276. Deputy Peter Mathews asked the Minister for Finance the amount of additional revenue that would be raised as a result of a tax increase (details supplied); and if he will make a statement on the matter. [38383/12]

Amharc ar fhreagra

Freagraí scríofa

I propose to take Questions Nos. 188, 242 and 276 together.

The Taoiseach, myself and other members of the Government have repeatedly expressed the Government’s commitment to the retention of the 12.5% rate. In that context, I must state that this is a hypothetical exercise. It is possible to provide an estimate on a straight line basis assuming that the proposed levy would apply to the same taxable income of all companies to which the current standard rate of corporation tax rate applies. However in reality it is impossible to estimate the level of additional tax revenue that would be realised due to behavioural change on the part of taxpayers as a result of such a measure which would be a significant factor.

I am informed by the Revenue Commissioners that the full year yield to the Exchequer, estimated in terms of expected 2012 profits, of increasing the standard rate of corporation tax from 12.5% to 15% is tentatively estimated on a straight line arithmetic basis to be about €675 million. While this estimate is technically correct it does not take into account any possible behavioural change on the part of taxpayers as a consequence. In terms of an increase in the 12.5% rate, estimating the size of the behavioural effects is difficult but they are likely to be relatively significant. An OECD multi-country study found that a 1% increase in the corporate tax rate reduces inward investment by 3.7% on average. On this basis, it would take only a 2.5% increase in the rate (to 15%) to decrease Ireland’s inward investment by nearly 10%. This assumes the average applies across the board but in fact the effect is likely to be more extreme for Ireland.

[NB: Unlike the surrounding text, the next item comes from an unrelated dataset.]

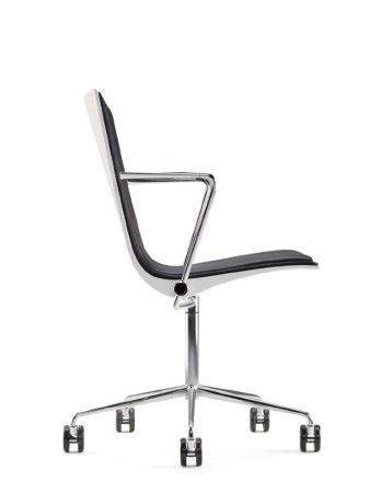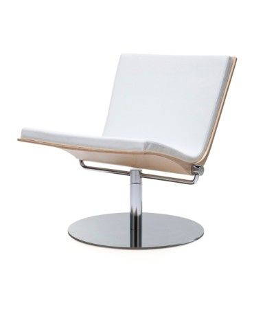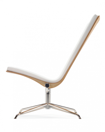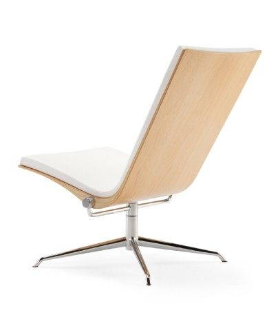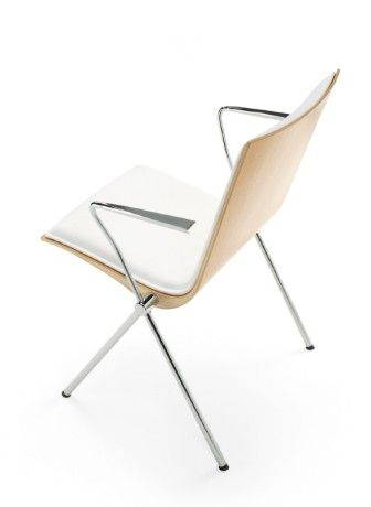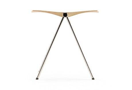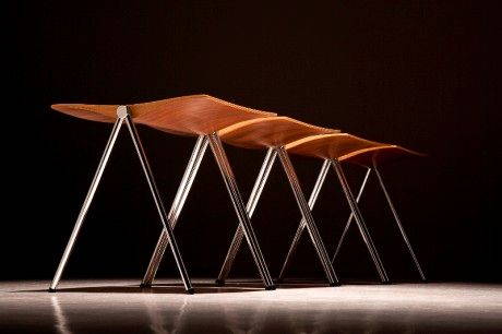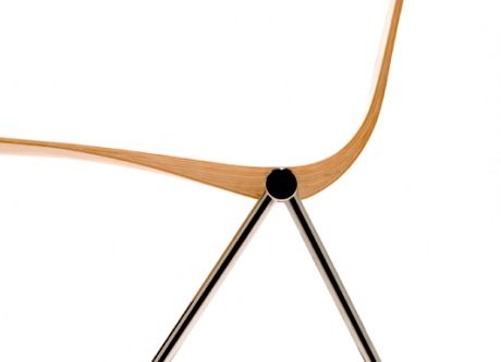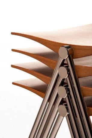 Il risultato è davvero eccezionale. Una struttura in metallo cromato sorregge la seduta lignea col profilo in multistrato di pesco, rovere o faggio a spessore variabile (più accentuato al centro, sempre più sottile agli estremi) che dona a tutti i pezzi della collezione una linea esile e sinuosa di grandissimo effetto.

The very major importance of maintaining the standard 12.5% rate of corporation tax to Ireland’s international competitive position in the current climate must also be borne in mind. Ireland, like other smaller member states, is geographically and historically a peripheral country in Europe. A low corporate tax rate is a tool to address the economic limitations that come with being a peripheral country, as compared to larger core countries. Ireland’s low corporation tax rate plays an important role in attracting foreign direct investment to Ireland and thereby increasing employment here. Recent research by the OECD also points to the importance of low corporate tax rates to encourage growth. Further, it would be difficult to justify such a move in the context of Ireland’s consistently strong view that we will not change our corporation tax strategy. Even a marginal change would undermine both our long held stance on this issue and the certainty of business, domestic and international, in our resolve to maintain that position.